If you cannot patch immediately, a stopgap is to modify container entry‑points to clear inheritable capabilities early using a tool like capsh or a wrapper script. This is fragile and requires rebuilding images, so it’s only a temporary bridge until a proper runtime upgrade is possible.
Quick Reference: Essential Commands
| Task | Command |
|---|---|
| Check Podman version | podman --version |
| Check Docker version | docker --version |
| Find files with capabilities in a container | getcap -r / or find / -xattrname security.capability -print |
| Inspect capability sets of a process (PID 1) | cat /proc/1/status \\| grep Cap then capsh --decode HEXVALUE |
| Recreate a Docker container | docker stop ID && docker rm ID && docker run ... |
Outlook
The Podman and Docker flaws are a classic case of a small initialization mistake with large downstream consequences. The lessons go beyond these specific CVEs. Container runtime defaults are not neutral — they directly affect the security contract between an image author and the runtime environment. A feature as seemingly innocuous as inheritable capability propagation, if misused, can unravel internal privilege separation.

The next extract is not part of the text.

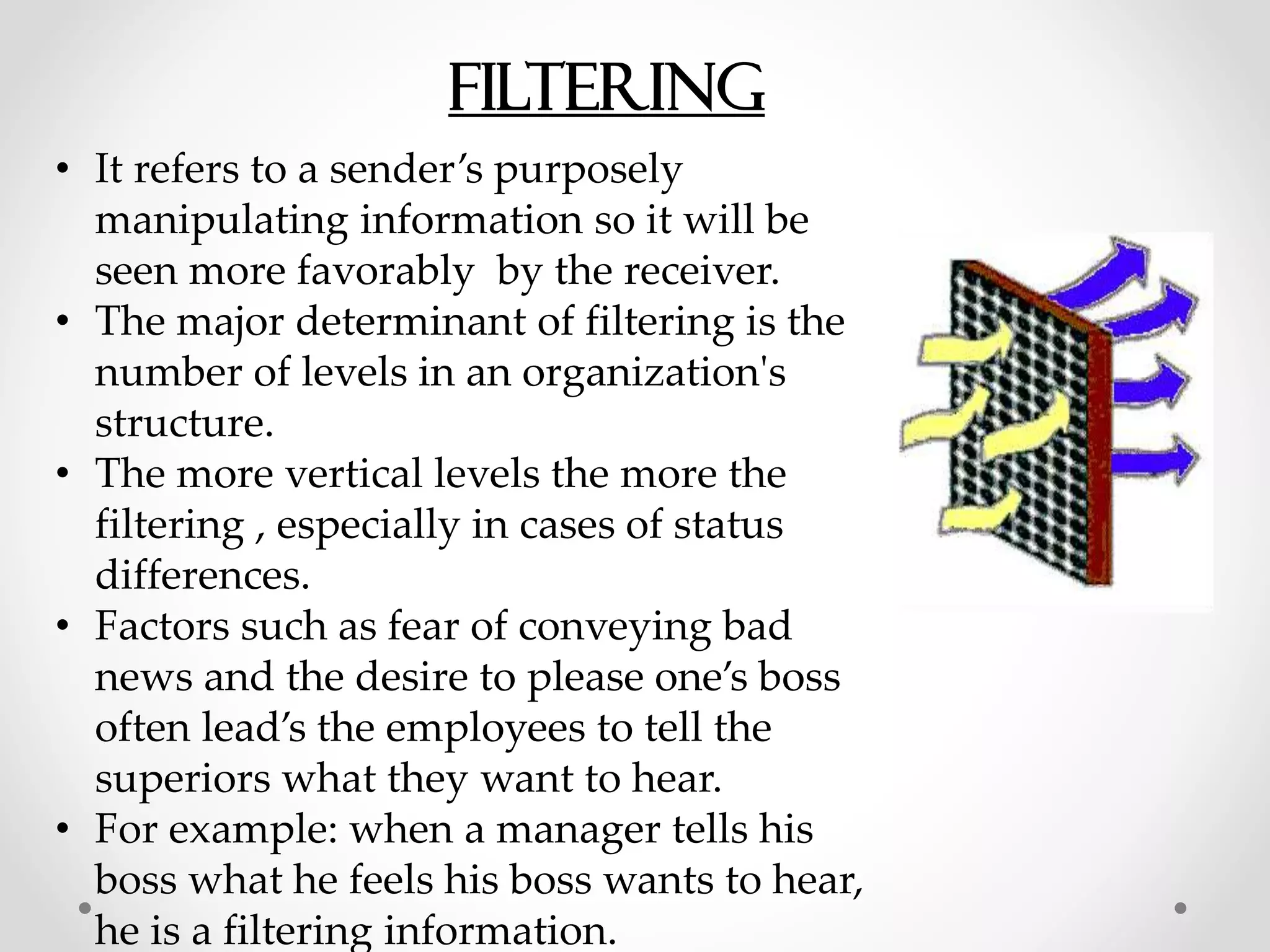 The document discusses several barriers to effective communication, including filtering of information, selective perception, information overload, emotions, language differences, communication apprehension, gender differences, and lack of interest. Filtering refers to manipulating information to be seen favorably by the receiver and is influenced by organizational structure. Selective perception involves personal filtering of what we see and hear to suit our own needs. Information overload occurs when receivers are unable to handle large amounts of data. Emotions and language differences can also impact how messages are interpreted. Communication apprehension causes anxiety in oral or written interactions. Gender differences influence communication styles and reasons for communicating. Lack of interest from senders or receivers can break down communication.
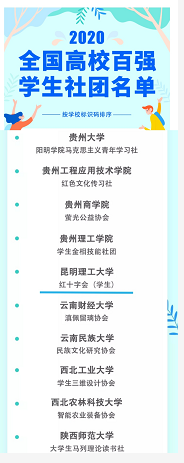 近日,2020年“寻找全国高校百强学生社团”活动落幕,经全国高校推荐、社团展示、网络投票、技术筛查、专家评审等环节,昆明理工大学红十字会(学生)入选2020全国高校百强学生社团名单。

Going forward, expect more rigorous capability scanning to become a standard part of image CI pipelines. Tools that detect file capabilities and flag them as security concerns are already being integrated into vulnerability scanners. Runtimes themselves may eventually provide stronger guardrails — for example, refusing to start containers that mix non‑empty inheritable sets with file‑capability‑bearing images unless explicitly allowed.
For now, the message is clear: upgrade your runtimes, recreate your workloads, and cultivate a habit of assuming nothing about the starting state of your containers. The fix for CVE‑2022‑27649 and CVE‑2022‑24769 is available; putting it into practice is the only way to close the door on an unnecessary, yet very real, escalation risk.